When you tip well at a crappy restaurant you are just encouraging the restaurant to continue with its crappy ways, and dragging down the whole neighborhood by allowing it to continue on.


----------



## Homerhomer (Oct 18, 2010)

peterk said:


> *I hate* it when people *whine* that tipping is "needed" because of this reduced minimum wage. .


I didn't whine, just stated the fact, but you can hate all you want ;-) More so I never said the tipping is needed because of lower minimum wage, the point you missed was that tipping is the norm to the extent the government has recognized it as a standard.


----------



## canadian_investor (Jul 4, 2011)

peterk said:


> I hate it when people whine that tipping is "needed" because of this reduced minimum wage.
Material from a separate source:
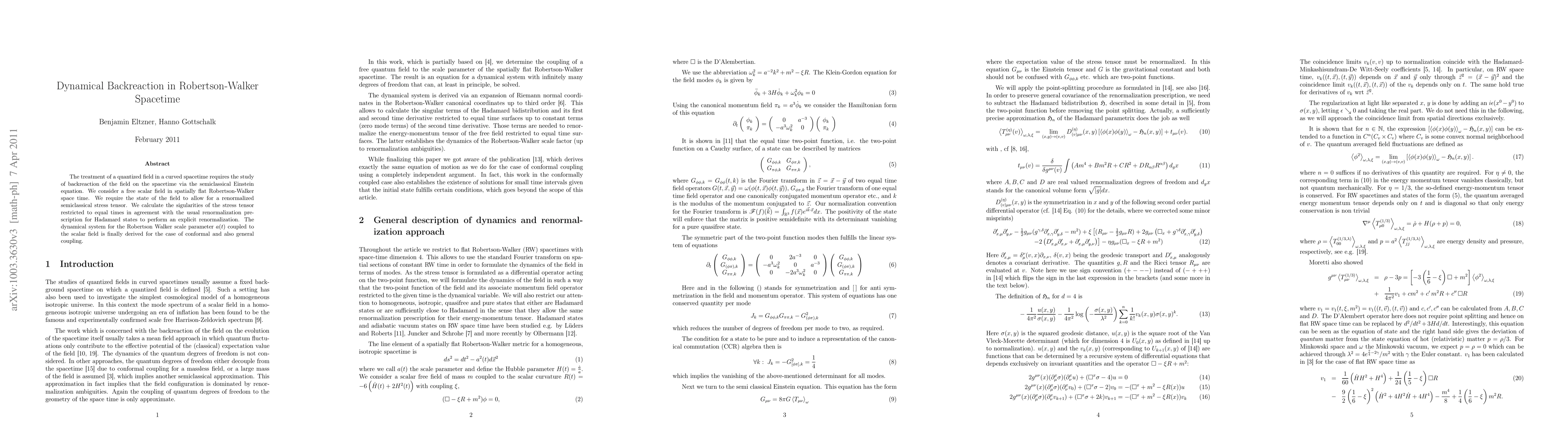This paper investigates the backreaction of a quantized scalar field on the curved Robertson-Walker spacetime, deriving the dynamical system for the scale parameter $a(t)$ under both conformal and general field couplings. It focuses on renormalizing the semiclassical stress tensor and identifying singularities in the context of Hadamard states.

i agree with peterk and gibor. chalk me down as an anti-tipper as well.
the expectation of tipping these days it has all gone completely crazy.
every kind of retail business has now added a tipping line to their receipts, or added the tip option to their credit card processing machines.
even takeout fast food places.
you have to keep clicking No (or 0%) on their CC machines to pay your tab.
this whole thing is out of control.

the regulators and the food service industry needs to fix their problems, not the customers.
pay your servers a fair wage and include that cost in the final bill, just like every other industry.
if that means a chicken & pasta lunch is $40 instead of $10 then so be it.
consumers will make their decisions accordingly (to eat there or not).

i find most of the restuarant food to be poor quality anyway.
it is not fresh, poorly prepared, not nutritious, overloaded with oil, salt and transfat.
add the fact that most servers make fun of customers behind our backs.
waiters cannot stand customers and all they care about is how much this person is going to tip me.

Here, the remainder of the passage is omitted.